On appeal from Superior Court of New Jersey, Chancery Division, General Equity Part, Sussex County, Docket No. C-31-07.
NOT FOR PUBLICATION WITHOUT THE APPROVAL OF THE APPELLATE DIVISION
Argued January 8, 2008
Before Judges Coburn, Fuentes and Chambers.
Defendants, Joseph and Cynthia Delsantro, appeal from the order of the Chancery Division, General Equity Part, granting plaintiff Beth Scherr the relief of specific performance in connection with this breach of contract case involving the sale of defendants' home. We affirm substantially for the reasons expressed by Judge Langlois in her well-reasoned oral opinion delivered from the bench on October 26, 2007. In so doing, we incorporate by reference the factual finings articulated by Judge Langlois, which are well-supported by the evidence presented at trial. Rova Farms Resort, Inc. v. Investors Ins. Co., 65 N.J. 474, 483-84 (1974).
We add only the following brief comments. The dispositive issue here is whether defendants are entitled to insist, as a matter of law, that plaintiff satisfy the literal requirement of the mortgage contingency clause. Even assuming, arguendo, that the mortgage contingency date was deemed by the parties as time of the essence, the evidence shows that plaintiff obtained a written mortgage commitment within the timeframe established by the contract.
Defendants nevertheless argue that a plain reading of the contingency clause required plaintiff "to forward" to defendants a copy of the written mortgage commitment. In our view, acceptance of this argument would elevate form over substance, and renders the court powerless to consider whether justice and equity demand a different result. In this light, we note that defendants cannot, and indeed do not, argue or even allege that they were prejudiced in any way by plaintiff's failure to comply with the literal requirement of this clause in the contract.

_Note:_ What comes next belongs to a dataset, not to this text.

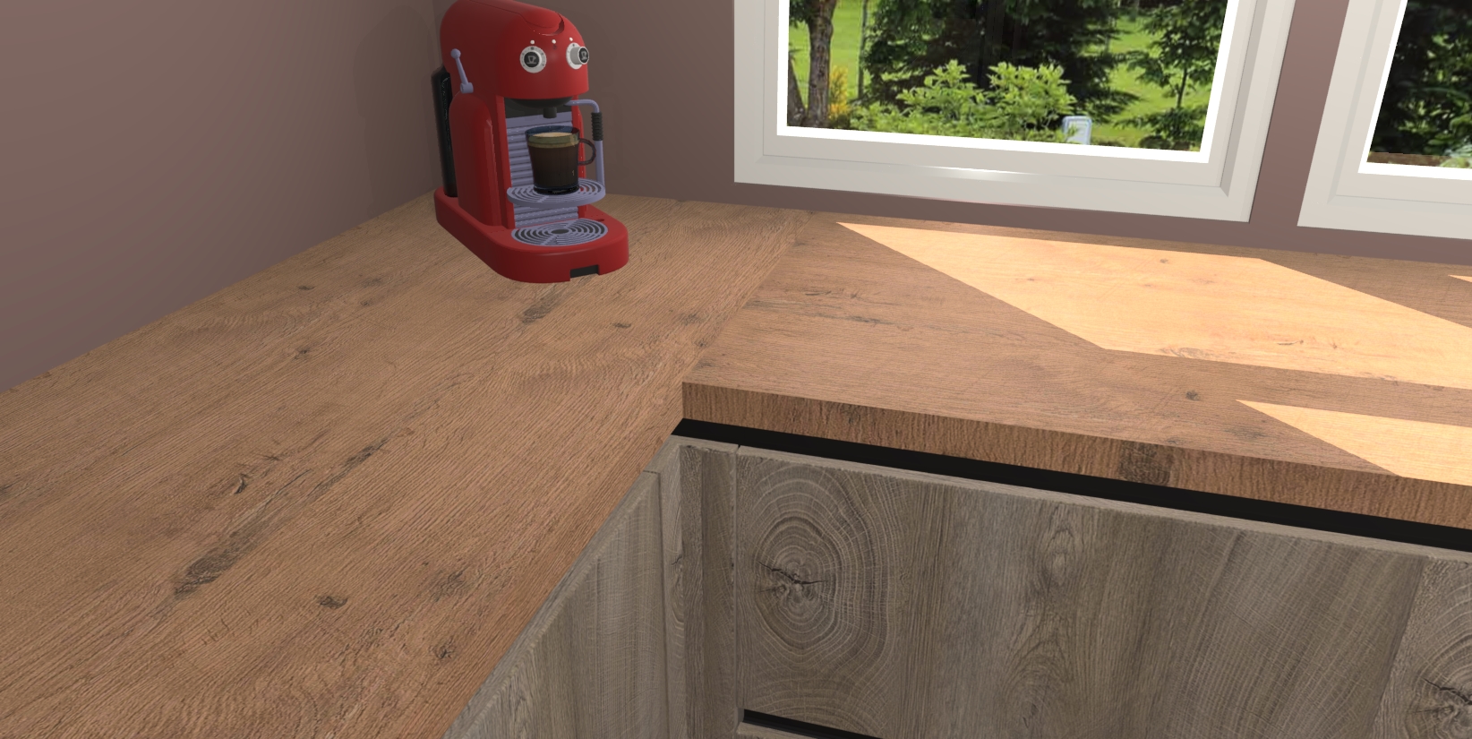 - Bij een hoekwerkblad zijn de hoeken in gevreesd en op maat gemaakt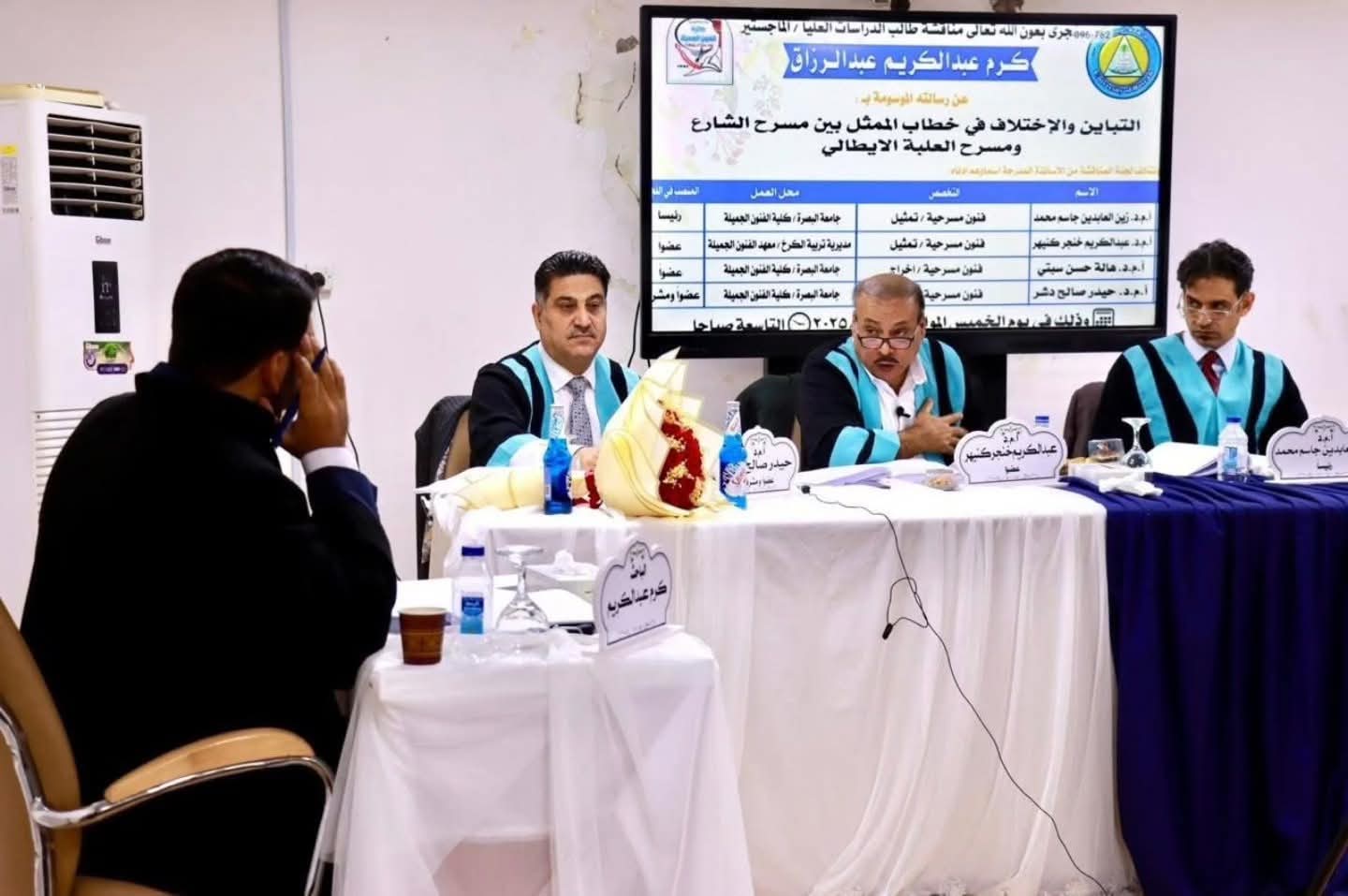 وعلى هامش الزيارة ، حضر الدكتور ياسر البراك مناقشة رسالة ماجستير تناولت تجربته المسرحية ، للطالب كرم عبد الكريم عبد الرزاق مشيداً بالجهود البحثية المبذولة في هذا المجال ، فضلاً عن تكريمه لمسؤول شعبة شؤون الطلبة في كلية الفنون جامعة البصرة لما قدمه من مساعدة و تعاون مع كليتنا في اجراءات قبول الطلبة .

As noted by Judge Langlois, the mortgage contingency clause here had a dual purpose: (1) to protect a buyer from the consequences of financial incapacity; and (2) to provide the sellers with a date certain for the return of the property to the market. Here, the potential prejudice to the sellers of removing the property from the market place never occurred. As emphasized by Judge Langlois, "the sellers already had the right to continue to market this property throughout the timeframe of this transaction." Thus, plaintiff satisfied the core provisions of the mortgage contingency clause by procuring a written mortgage commitment within the timeframe established by the contract. Under similar circumstances, we have upheld the relief ordered by the trial court here. Gross v. Lasko, 338 N.J. Super. 476, 485-86 (App. Div. 2001).
In interpreting a contract, a court's primary mission is to ascertain the intent of the parties from the language used in the agreement. Highland Lakes Country Club Cmty. Ass'n v. Franzino, 186 N.J. 99, 115-16 (2006) (quoting Marchak v. Claridge Commons, Inc., 134 N.J. 275, 282 (1993)). In going about this task, substance must prevail over form. Here, Judge Langlois found that plaintiff (1) obtained a written mortgage commitment within the timeframe established by the contract; and (2) defendants received actual notice of this fact when plaintiff's agent conveyed this information orally to defendants' agent. From these facts, we are satisfied that Judge Langlois's decision to grant plaintiff the relief of specific performance is supported by the competent evidence.
Defendants have also challenged plaintiff's application for consequential monetary damages. We decline to consider this issue because Judge Langlois has not acted upon plaintiff's request for this type of relief. We note, however, that any decision on the question of damages must contain an explanation as to why the matter of damages was not heard and decided by the court in the context of a unitary trial.